Sanierungsbedüftige Ufer und Uferwege: Wann passiert was?

Vorbemerkung:

  • In der Antwort des Senats auf die Schriftliche Anfrage 18/25879 wird zu Frage 4 ausgeführt, dass u.a. folgende Ufer dringend sanierungsbedüftig sind: Schleswiger Ufer, Helgoländer Ufer, Hansaufer.
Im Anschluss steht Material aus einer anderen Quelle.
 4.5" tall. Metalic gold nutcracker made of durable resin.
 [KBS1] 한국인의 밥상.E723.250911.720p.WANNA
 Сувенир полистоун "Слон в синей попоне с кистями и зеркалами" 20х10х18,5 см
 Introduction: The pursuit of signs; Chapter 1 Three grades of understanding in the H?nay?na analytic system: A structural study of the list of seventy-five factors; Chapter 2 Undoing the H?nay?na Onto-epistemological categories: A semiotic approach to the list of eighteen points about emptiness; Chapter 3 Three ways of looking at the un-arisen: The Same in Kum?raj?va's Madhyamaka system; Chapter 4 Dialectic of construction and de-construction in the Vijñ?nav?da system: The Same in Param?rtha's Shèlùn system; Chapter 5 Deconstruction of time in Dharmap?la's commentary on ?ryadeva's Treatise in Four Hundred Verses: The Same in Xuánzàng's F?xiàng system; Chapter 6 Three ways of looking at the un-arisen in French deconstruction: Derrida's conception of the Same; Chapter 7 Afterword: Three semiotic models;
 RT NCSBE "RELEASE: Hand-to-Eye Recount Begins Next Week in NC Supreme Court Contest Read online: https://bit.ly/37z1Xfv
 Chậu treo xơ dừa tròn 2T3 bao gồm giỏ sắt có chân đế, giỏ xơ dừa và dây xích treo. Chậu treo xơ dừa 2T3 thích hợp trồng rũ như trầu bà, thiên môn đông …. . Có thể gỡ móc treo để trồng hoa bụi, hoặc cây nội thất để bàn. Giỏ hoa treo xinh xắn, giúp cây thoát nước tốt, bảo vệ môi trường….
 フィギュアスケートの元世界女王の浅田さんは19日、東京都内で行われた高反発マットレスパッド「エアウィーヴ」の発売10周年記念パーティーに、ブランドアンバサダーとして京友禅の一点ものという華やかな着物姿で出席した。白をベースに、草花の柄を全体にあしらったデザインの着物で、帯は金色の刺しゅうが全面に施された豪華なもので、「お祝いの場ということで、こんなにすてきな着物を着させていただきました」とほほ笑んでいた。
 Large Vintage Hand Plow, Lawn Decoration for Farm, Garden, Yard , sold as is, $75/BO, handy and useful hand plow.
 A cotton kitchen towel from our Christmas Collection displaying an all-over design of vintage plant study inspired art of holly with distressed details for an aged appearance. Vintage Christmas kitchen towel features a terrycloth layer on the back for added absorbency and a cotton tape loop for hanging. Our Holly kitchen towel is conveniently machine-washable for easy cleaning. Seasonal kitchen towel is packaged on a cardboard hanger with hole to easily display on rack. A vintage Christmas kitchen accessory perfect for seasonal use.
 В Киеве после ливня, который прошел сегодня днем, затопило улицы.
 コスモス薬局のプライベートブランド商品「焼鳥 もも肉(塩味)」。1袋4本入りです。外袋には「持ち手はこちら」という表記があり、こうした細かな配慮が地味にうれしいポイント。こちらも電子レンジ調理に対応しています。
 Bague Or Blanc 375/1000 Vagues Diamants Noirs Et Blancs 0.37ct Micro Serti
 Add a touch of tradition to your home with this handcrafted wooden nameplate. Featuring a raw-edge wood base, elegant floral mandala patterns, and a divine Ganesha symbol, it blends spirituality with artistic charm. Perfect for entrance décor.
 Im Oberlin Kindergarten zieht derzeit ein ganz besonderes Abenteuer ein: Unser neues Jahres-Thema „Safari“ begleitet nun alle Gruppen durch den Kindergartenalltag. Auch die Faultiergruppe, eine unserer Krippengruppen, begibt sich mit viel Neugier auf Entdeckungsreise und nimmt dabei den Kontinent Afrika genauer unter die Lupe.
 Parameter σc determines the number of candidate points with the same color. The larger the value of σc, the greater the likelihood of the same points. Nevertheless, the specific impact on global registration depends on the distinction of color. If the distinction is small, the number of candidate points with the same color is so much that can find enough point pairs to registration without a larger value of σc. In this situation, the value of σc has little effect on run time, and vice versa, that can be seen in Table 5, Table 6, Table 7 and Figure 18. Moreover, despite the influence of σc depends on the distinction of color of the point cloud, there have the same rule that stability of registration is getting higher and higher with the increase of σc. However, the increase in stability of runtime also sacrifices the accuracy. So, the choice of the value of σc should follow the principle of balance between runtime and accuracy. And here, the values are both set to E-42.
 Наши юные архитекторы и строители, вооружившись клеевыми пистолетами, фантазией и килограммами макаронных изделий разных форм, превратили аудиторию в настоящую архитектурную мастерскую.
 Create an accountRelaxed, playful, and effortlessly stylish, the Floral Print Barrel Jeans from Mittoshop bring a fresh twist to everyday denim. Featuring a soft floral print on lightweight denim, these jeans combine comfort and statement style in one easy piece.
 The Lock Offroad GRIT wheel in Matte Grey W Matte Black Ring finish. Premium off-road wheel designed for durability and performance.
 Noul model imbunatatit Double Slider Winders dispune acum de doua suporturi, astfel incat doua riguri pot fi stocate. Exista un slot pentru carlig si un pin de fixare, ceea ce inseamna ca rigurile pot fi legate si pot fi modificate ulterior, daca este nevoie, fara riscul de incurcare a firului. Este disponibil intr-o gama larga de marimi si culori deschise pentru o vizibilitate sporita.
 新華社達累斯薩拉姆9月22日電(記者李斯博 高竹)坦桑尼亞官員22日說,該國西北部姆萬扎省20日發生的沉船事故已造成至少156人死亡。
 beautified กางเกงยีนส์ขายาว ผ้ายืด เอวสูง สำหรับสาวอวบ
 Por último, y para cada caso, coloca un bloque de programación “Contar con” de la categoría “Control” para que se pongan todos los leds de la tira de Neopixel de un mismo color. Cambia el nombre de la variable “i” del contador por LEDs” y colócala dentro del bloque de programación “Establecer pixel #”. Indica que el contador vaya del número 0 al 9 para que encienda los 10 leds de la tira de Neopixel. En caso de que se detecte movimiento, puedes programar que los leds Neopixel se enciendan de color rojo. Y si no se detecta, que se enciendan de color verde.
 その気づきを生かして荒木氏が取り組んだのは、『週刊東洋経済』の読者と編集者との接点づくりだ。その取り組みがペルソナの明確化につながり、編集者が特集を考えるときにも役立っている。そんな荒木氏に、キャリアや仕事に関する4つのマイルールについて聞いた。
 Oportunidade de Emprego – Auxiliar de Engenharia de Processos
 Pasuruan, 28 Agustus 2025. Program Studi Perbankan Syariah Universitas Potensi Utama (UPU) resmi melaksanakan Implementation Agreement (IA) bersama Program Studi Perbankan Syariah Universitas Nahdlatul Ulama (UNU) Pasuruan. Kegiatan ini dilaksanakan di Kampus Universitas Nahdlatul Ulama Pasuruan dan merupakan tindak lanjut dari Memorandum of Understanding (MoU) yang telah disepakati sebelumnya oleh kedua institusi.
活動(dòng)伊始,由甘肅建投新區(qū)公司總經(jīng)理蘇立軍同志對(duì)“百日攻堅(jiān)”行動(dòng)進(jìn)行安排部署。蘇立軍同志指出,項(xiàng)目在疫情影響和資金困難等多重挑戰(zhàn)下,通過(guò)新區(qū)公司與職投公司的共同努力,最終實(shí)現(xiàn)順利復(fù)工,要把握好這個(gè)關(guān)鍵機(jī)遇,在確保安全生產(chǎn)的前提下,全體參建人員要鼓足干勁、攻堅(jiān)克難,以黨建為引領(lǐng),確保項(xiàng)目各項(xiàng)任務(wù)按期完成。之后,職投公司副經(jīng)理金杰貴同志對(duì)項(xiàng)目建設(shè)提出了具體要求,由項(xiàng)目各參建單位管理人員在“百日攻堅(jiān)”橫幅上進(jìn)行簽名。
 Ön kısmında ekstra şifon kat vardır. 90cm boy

Kostenschätzungen für die Sofortsicherung liegen bereits vor.
  • In der Antwort auf Frage 18 der SchrA 0954/V hat das Bezirksamt dargelegt, dass die Ausschreibungen zum Spreeuferweg Bellevue/Holsteiner Ufer 2020 erfolgen sollen.

Ich frage das Bezirksamt:

1. Wie ist der Stand der Planungen zur Sanierung der Uferabschnitte Schleswiger Ufer, Helgoländer Ufer, Hansaufer?  In welchen Schritten sind Maßnahmen zur Sofortsicherung und dauerhaften Sanierung geplant?

Bitte jeweils angeben:
a) konkreter Uferabschnitt
b) Wann sollen welche Sofortsicherungsmaßnahmen durchgeführt werden?
c) Wie ist der Stand der Planungen zur dauerhaften Sanierung der Uferwände? Liegen dazu bereits BPU vor?
d) Gibt es schon einen Zeitplan für die dauerhafte Sanierung?
e) Inwieweit könnte es notwendig werden, vorhandene Bäume zu fällen oder die Ufervegetation zurückzuschneiden?

2. Wie ist der Stand der Arbeiten zum Fuß- und Radweg an der Spree (Bellevue-Ufer bzw. Helgoländer Ufer) zwischen Lutherbrücke und Bezirksgrenze Charlottenburg:
a) Für welche Abschnitte sind Ausschreibungen erfolgt und wie sind diese ausgegangen?
b) Wann sollen welche Arbeiten in welchen Uferabschnitten erfolgen?

3. Gibt es Pläne, die durch Schädlinge teilweise abgestorbene Hecke am Magnus-Hirschfeld-Ufer instand zu setzen? Kann dies durch Nachpflanzung erfolgen oder muss eine Neupflanzung erwogen werden?